“It’s for kids.” Three words comprising one of the foulest excuses for lacking quality in the entertainment industry.
It’s only natural that entertainment designed for
the younger and less wise contain less potential complexity than a story aimed
at audiences with a full grasp on the pleasures and difficulties that life and
society can offer but at the end of the day, bad is bad. Regardless of whomever
your audience was meant to be or how discerning they are, there’s a difference
between run of the mill and poor.
None face subjugation to the excuse of demographics
more than children’s animation, making the animated movies that do receive a
substantial critical backlash all the more noteworthy.
2014 may have been a better year for animation than
the last couple of years but a few exemplary lazy productions have stood out
from others. Of these films is the story of a squirrel’s desire to rob a nut shop,
a business so oddly specific that I had to Google the concept to see if it was
a real thing, in order to provide himself with enough food for the winter while
learning to get along with the suburban community of animals that have
ostracized his drive for independent action.
There’s almost nothing that can really be said about
“The Nut Job” that its marketing hasn’t done already. Of this movie’s many
flaws, dishonesty is not one of them.
Half baked story with forced last minute character
development to put up the veneer of having a moral? Check. Pointless celebrity
voice cast? Double check. Animation direction emphasizing quick camera cutting
and high energy emotions lacking in subtlety? Triple check. Add in the half
baked rendering on the final animations that make the CG models look like some
sort of awkward, shiny, artificial figurines and the pushing of a pop song
whose shelf life expired over a year before its initial release, and you have a
movie that is probably more of an unintentional parody of modern mainstream western
animated films than the “Madagascar” franchise.
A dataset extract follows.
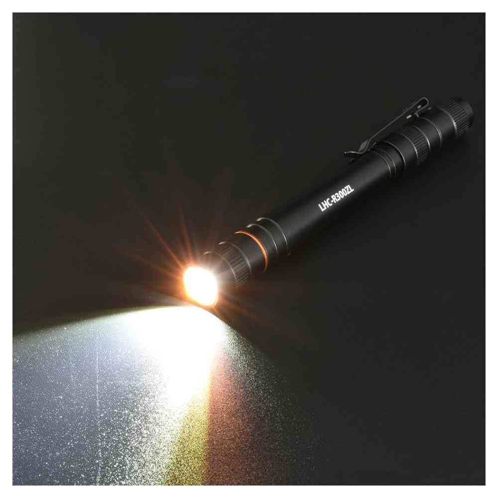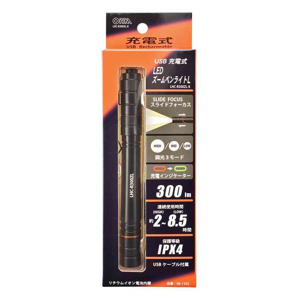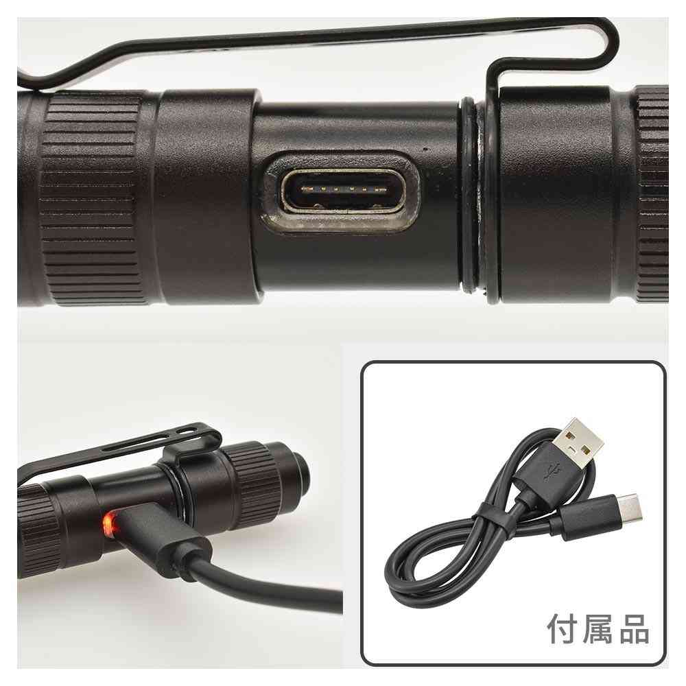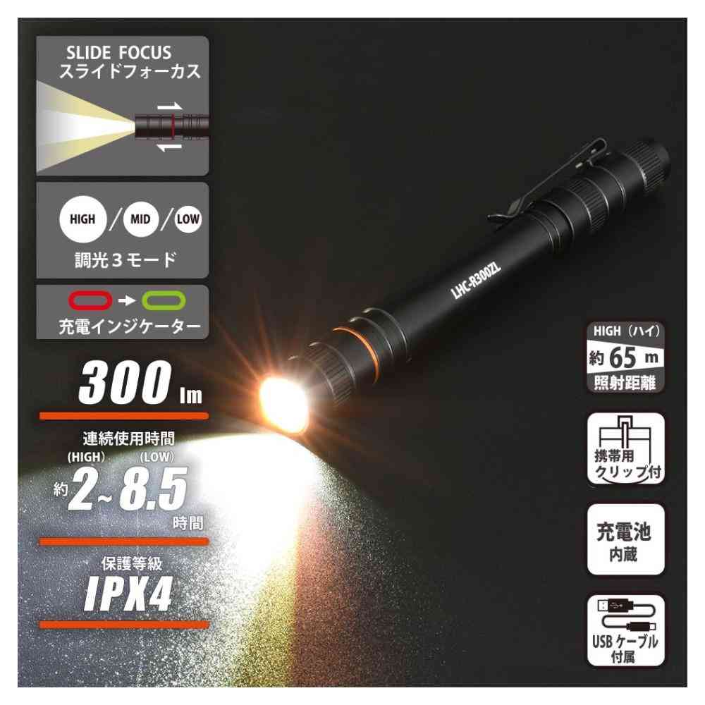 スライドフォーカス機能付き、3種類の調光モード、300ルーメン、保護等級IPX4の防まつ形、USB充電式、携帯用クリップ付き、FL1、STANDARD

It’s cheap, pedestrian, and forgettable, which is
probably the nicest thing that I can say about it.
The only thing that’s
particularly notably bad about it beyond its lack of ambition is that it is apparently
supposed to be a 1950s-60s period piece, which bafflingly has nothing to do
with its story or presentation. Hell, I barely even picked up on it the first
time I watched it until somebody I know commented on the fact. It seems like an
odd thing to focus on but I implore you to watch the trailer, if nothing else,
and tell me if you can even remotely differentiate its setting from the modern
day. “The Nut Job” is aesthetically at war with its own
tale but the only reason this is a factor is because these aesthetics come at
play in contradictory ways later on that are entirely unnecessary.
Focusing on
this flaw is probably giving the film
more attention than it deserves though so for now I simply implore all to stay
away and hopefully, just hopefully, we can work towards making the coming its
future 2016 sequel the box office bomb
that this film deserved to be, lest we get a Korean produced “Madagascar” on
our hands for the foreseeable future.
Where “The Nut Job” is unambitiously lazy however, “Legends
of Oz: Dorothy’s Return” is one of the strangest miscalculations of animated
moviemaking that I have ever come across in my life.
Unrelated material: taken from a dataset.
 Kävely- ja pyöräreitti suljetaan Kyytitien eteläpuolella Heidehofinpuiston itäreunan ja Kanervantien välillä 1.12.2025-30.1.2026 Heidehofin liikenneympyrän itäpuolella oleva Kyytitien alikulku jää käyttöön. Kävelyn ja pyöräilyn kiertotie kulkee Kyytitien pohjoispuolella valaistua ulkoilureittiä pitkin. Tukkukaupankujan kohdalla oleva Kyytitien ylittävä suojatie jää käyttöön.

With “Oz: The Great and Powerful’s” mild success, I
guess somebody wanted to jump on a predicted “Wizard of Oz” resurgence. I’m not
exactly sure if that resurgence is around the corner or not but I do have to
laugh at the notion that anybody even remotely thought that this could be a
satisfying enough to ride the bandwagon.
Watching “Legends of Oz” gave me an odd sense of Déjà
vu harkening my experience watching “The Legend of Hercules.”
Had this been a direct to video production, I can’t
help but feel I would almost be mildly praising it for going slightly beyond
the call of duty. It’s grand failing is in the fact that it somehow got a nationwide
theatrical release in a month dominated by a Spider-Man, X-Men and Godzilla
film.
Unlike “The Legend of Hercules” however, I am still struggling to this
day to erase the unpleasantness of its nonsensical storyline driven by nightmare
inducingly creepy and soulless looking character models from my memory.
Despite “The Nut Job’s” critical laziness, it was
competent enough while utilizing enough resources to look like a theatrical
release, despite failing to be a good one. “Legends of Oz” goes up in smoke the
second it starts. It’s not a good sign when the least cheap CG apparently
exists within the opening credits.
It’s an even worse sign when the film is framed as a
direct sequel to The Wizard of Oz, yet everything in Kansas, Dorothy’s dress
style included, belongs aesthetically within the last decade. Right from the get
go, the movie looks insultingly cheap and can’t even keep its own mythology
straight on either end of the story.
In a twisted way, I would almost recommend it. It’s
not every day you come across one of the biggest box-office flops of recent
history so even the few audience members that knew of the film could tell that
something rotten was afoot. Assuming you can bear the nightmarish thought of
strolling through the uncanny valley, I can’t deny how fascinated I was with
getting to the bottom of how something with such little thought and effort
could have possibly seen release in over 2500 theaters across America.